The whole cloak, unfolded, covered a fan-shaped area some five feet long by an equal width at its full extent. It was several inches thick, with a light, airy mass that nonetheless seemed well-padded.

But Erix was busy following the strands of color together, toward the apex of the cape. Each quill joined its neighbors into a single plume, and these plumes merged again higher up on the cloak. At the top, she noticed as she carefully ran her fingers along the cloak, all of the feathers merged into one strong, supple stem.

"It's a single, giant feather!" she said, astonished. "But from what?"

"What indeed?" asked Lotil, his face creaking into an amused grin.

"What do you mean?" interrupted Hal. "So it's a single feather. So what?"

"The Cloak of One Plume is the gift of Qotal himself, the second harbinger of his return. I have known since you returned to me," said Lotil softly.

"His gift, like the return of the couatl, is his mark upon you. You are his chosen one. Keep this cloak safe, my dearest. There will be a time when it shall give you the blessing of Qotal."

"But chosen for what?" Erix snapped, frightened. "What do you mean?
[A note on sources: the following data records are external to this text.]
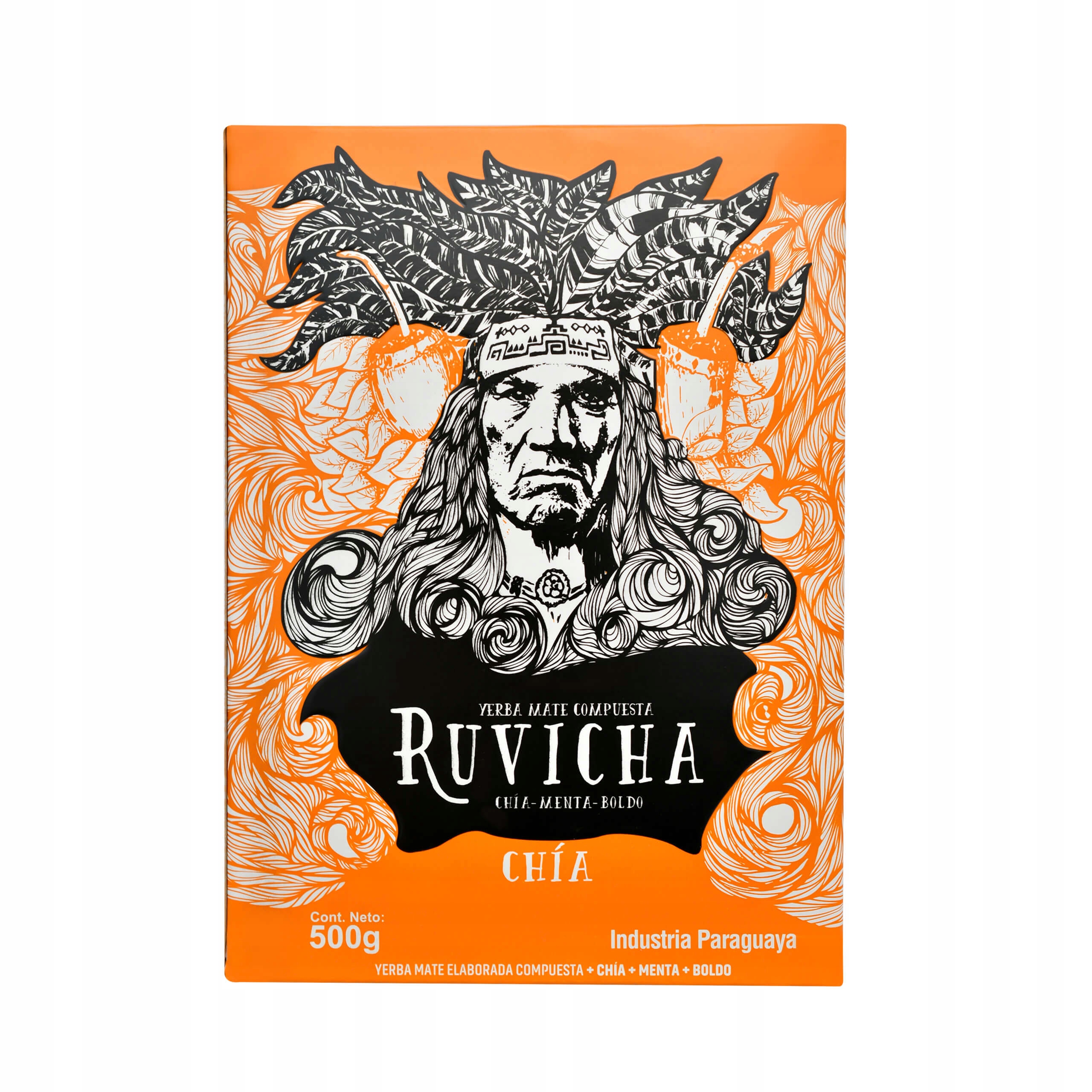 Рувича Чиа родом из Парагвая, от молодого, динамично развивающегося бренда Ruvicha, основанного в 2016 году. Упаковано в пакет и коробку, с характерным изображением грозного вида индейца гуарани. Это классический парагвайский мате - крепкий вкус, дымный аромат, со 100% натуральными добавками: семенами чиа, мятой и болдо. Травяной аромат сохраняется, как только вы впервые открываете упаковку, и сохраняется, когда вы заливаете траву водой. Семена испанского шалфея, обычно называемые чиа, богаты витаминами и минералами, ценными для здоровья. Травяные добавки придают композиции свежесть - отлично работает как в теплом, так и в холодном варианте - терере.
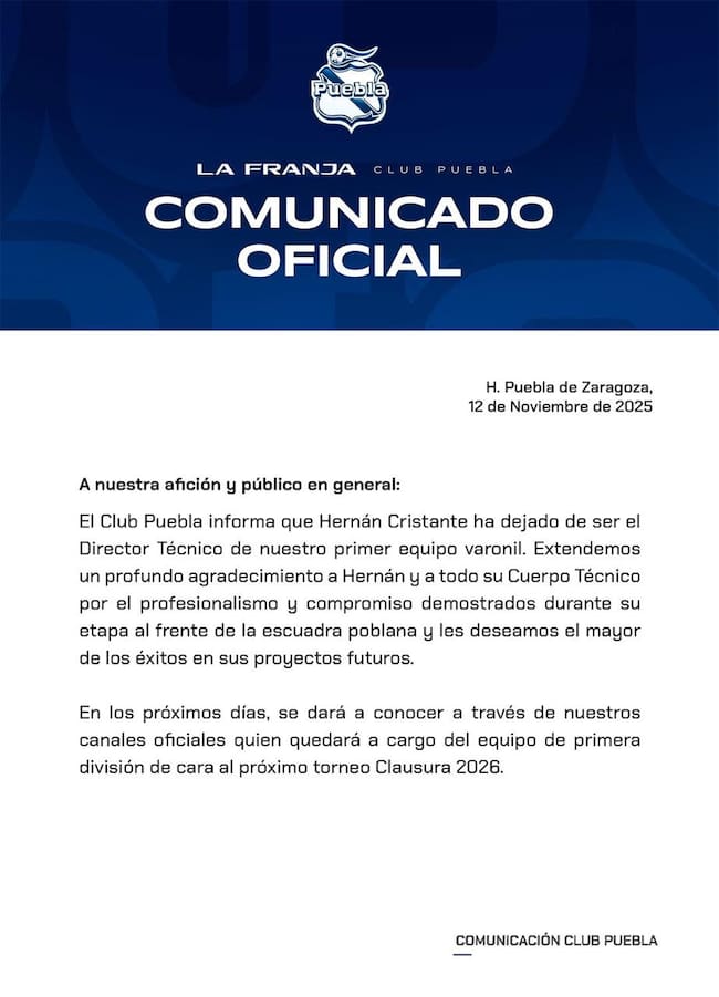 El Club Puebla anunció la salida de Hernán Cristante tras un Apertura 2025 lleno de tropiezos. La Franja busca nuevo técnico rumbo al Clausura 2026.
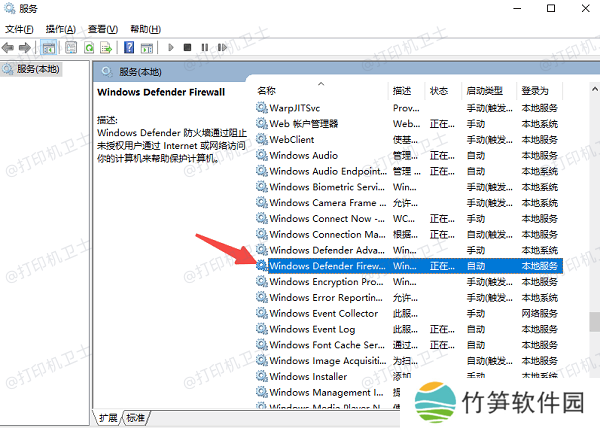 1、在服务列表中,找到 Windows Defender Firewall。
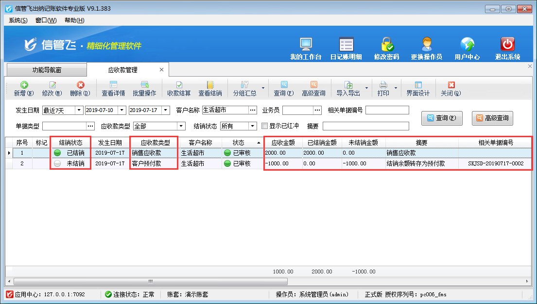 收款結算單單據審核之后,會更新應收款的結銷情況,在應收款管理內可以查看,如下圖所示。銷售應收款2000元已結銷,未結銷金額為0。另外系統自動生成了一個應收款類型為“客戶預付款”的應收款記錄,應收金額為-1000(預付款金額顯示為負數),摘要為“結銷余額轉存為預付款”,相關單據編號中顯示為轉存預付款的收款結算單單據編號。

Why do I have this cloak? Just to see disaster before us?"

"Perhaps it has been given that you can do something to avoid that disaster," suggested Lotil quietly.

"But what? How can I?"

"Maybe we can do something!" Hal pressed his fists against his forehead, seeing Erixitl's agony, her absolute conviction that she had foreseen catastrophe. He thought for a moment, seeking some sort of a plan, and then spoke impulsively.

"You said that, under the glow of a full moon, Naltecona was killed by the legion atop the palace of Axalt. Well, what if he never goes to the roof? What if he's out of the palace altogether?"

Halloran quickly warmed to his topic, yet he needed to convince himself that his idea was not mere madness. "Perhaps we can rescue Naltecona, and get him to safety. If we can find Poshtli and get his help, we just might have a chance."

"But how? Break into the palace, through the legion's guards?" Erixitl's initial look of hope fell as she considered the obstacles.

"Didn't Poshtli tell us something about secret passages in those palaces? Remember, when we first got to Nexal. Maybe he knows where some of them are!"

Erixitl wondered at the thought, surprised as Lotil spoke. "Go to the door, daughter, Tell me where the moon is now."

"It's low in the east."

"Some time past sunset, correct? I feel the evening chill."

"Yes."

"Well, then," said the featherworker, turning his wrinkled face from Erixitl to Halloran and back again. "It would seem that you have about three days until it is full."

***

The priests dragged the Kultakan warrior forward, and Shatil saw that the victim was merely a strapping youth, too inexperienced to avoid capture by the retreating Nexalans at Palul. The sun touched the horizon as the scarred, gaunt clerics stretched him across the altar. Shatil's knife fell once, and then he raised the youth's heart to the great warrior statue of Zaltec.